• Sonuç bulunamadı

1. BÖLÜM

1.1. Bir Kavram Olarak Yavaşlık

“Mutsuzluğun tek nedeni, insanın odasında sessizce nasıl oturacağını bilememesidir. ‘Orada burada koşuşturmak sadece zihinlerini dağıtmanın bir yoludur’. Koşuştururken düşünceye çok az yer kalacağından, koşuşturmaya devam edin. Böylece kendinize daha yakından bakma görevinin dayanılmaz yükünden kaçınabilirsiniz” (Akt. Bauman 2013:49).

Hız, bir objenin konumsal değişikliğini doğa bilimleri çerçevesinde yön ve büyüklük birimleri ile net bir şekilde ifade etmektedir. Oysaki bu kavramın sosyal bilimlerdeki karşılığı toplumsal değişiklikler, sosyal alışkanlıklarda meydana gelen farklılıklara işaret ettiğinden üzerinde durulması gerekir (Balbağ, 2018: 38; Sadakoğlu, 2017: 32).

Yavaşlık, günümüzde beceriksizlik, eksiklik ve başarısızlık olarak algılanmaktadır. Hâlbuki yavaş yaşam koşturmadan, sakince ve huzur içinde kişinin kendisine vakit ayırabilme özgürlüğü olarak tanımlanmaktadır (Parkins ve Craig 2006: 39). Yavaş kavramının hayatta yer bulmuş hali

“tempo giusto” olarak adlandırılan orta tempoda seyreden bir müzik hız terimi ile bağdaştırılmaktadır. Bu nedenle yavaşlık, ne yavaş ne hızlı, tam da olması gereken hızda, hayatı derinlemesine keşfederek, tüketimi azaltarak daha bilinçli bir yaşam biçimine sahip olmayı ifade etmektedir (Barnas, Barnas, Kania, 2019: 515).
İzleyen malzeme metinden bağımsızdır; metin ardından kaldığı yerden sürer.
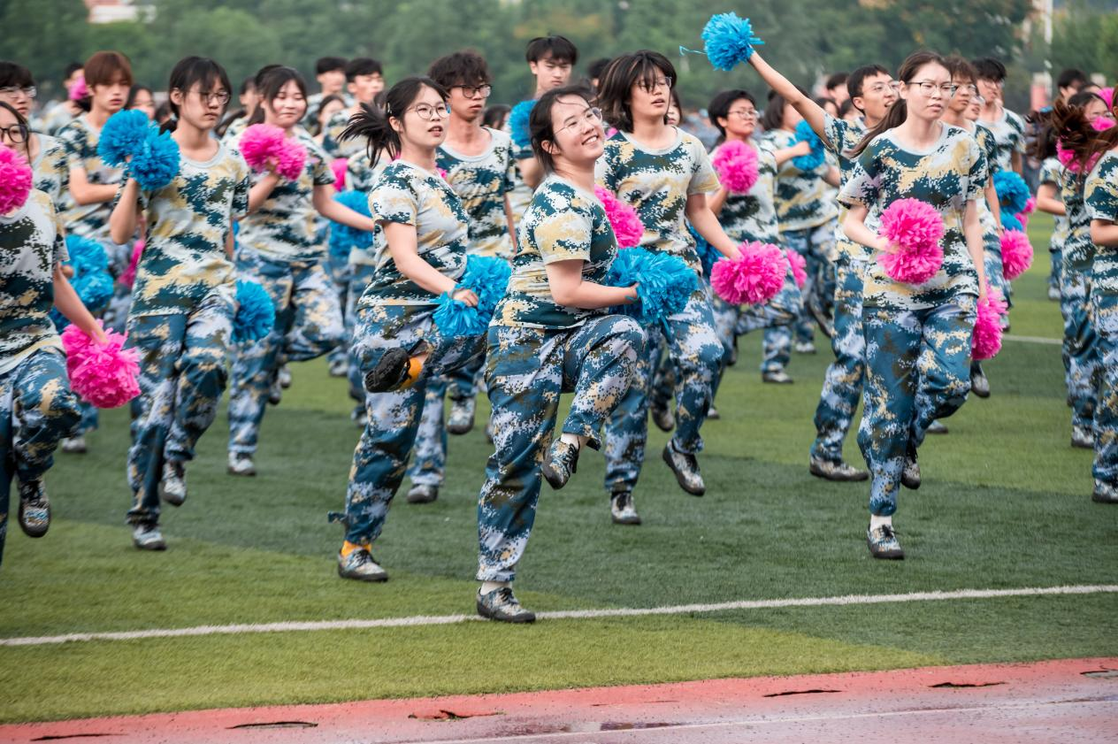 随着学生方阵摆出“10、9、8、7……”数字倒计时字样,军训汇报表演正式开始。花样操方阵编排巧妙,依次呈现“校徽”“团结 奋进 博学 奉献”“永远跟党走 争创双一流”“I love AUST”等字样和图案,表达了2025级新生对学校的热爱之情和对学校创建“双一流”的真挚期许和祝福。

Türk Dil Kurumu tarafından “yavaş olma durumu” olarak tanımlanan yavaşlık (TDK, 2020) kavramının felsefi kökeni yuva hasreti olarak ifade edilmektedir (Legg 2004: 100; Terkenli 1995: 32; Güven, 2011: 116). Esasen yavaşlık, yavaş yaşamak değil hız ile yavaş arasındaki dengeyi bulmak olarak tanımlanmaktadır (Bilgi, 2013: 47).

8

Yavaşlığın tersi olarak benimsenen hızlılık ise, kapitalizmin küresel ölçekte genişlemesinin bir ürünüdür. Küresel ekonomik sistemde, zamanın maliyeti vardır ve bu durum yaşamın hızında istikrarlı bir ivme oluşturmuştur.

Hızlı dünya, çok uluslu endüstrilerden, modern telekomünikasyondan, materyalist tüketimden, haber ve eğlenceden ve tüketicilerden oluşmaktadır.

Ve hızlı yaşam aynı bir virüs gibi yeme alışkanlıklarından davranışlara, yaşam hızından toplumsal değerlere kadar hayatın her alanına oldukça hızlı nüfuz etme kabiliyetine sahiptir (Parkins, 2004: 372). Bu bağlamda yavaşlık, küreselleşmenin getirdiği hız eleştirilerine karşı gelen bir anlayış olmuştur.

Yavaşlık felsefesi, hızlı yaşamları ve küreselleşen standardize edilmiş günlük hayatlara maruz kalan insanların telaşlı yaşamlarını eleştirmektedir (Sezgin ve Ünüvar, 2011: 107). Modern insanın koşturması sosyal ilişkilere zarar vermeye başlamış, gelenek ve göreneklerden uzaklaşılarak tek tipleşmeye sebep olmuştur. Nitekim bu tek tipleşme kentlerin dokusundan, alışveriş mekânlarına kadar birçok yerde kendini göstermiştir. Ayrıca hızla üretmeye çalışan insan, bilinçsizce daha da hızla tüketmeye başlamış, bundan dolayı da doğal kaynakların önemini göz ardı edip çevreye verdiği zararı farkında olarak ya da olmayarak arttırmıştır (Küçükali ve Şen, 2018: 3213-315).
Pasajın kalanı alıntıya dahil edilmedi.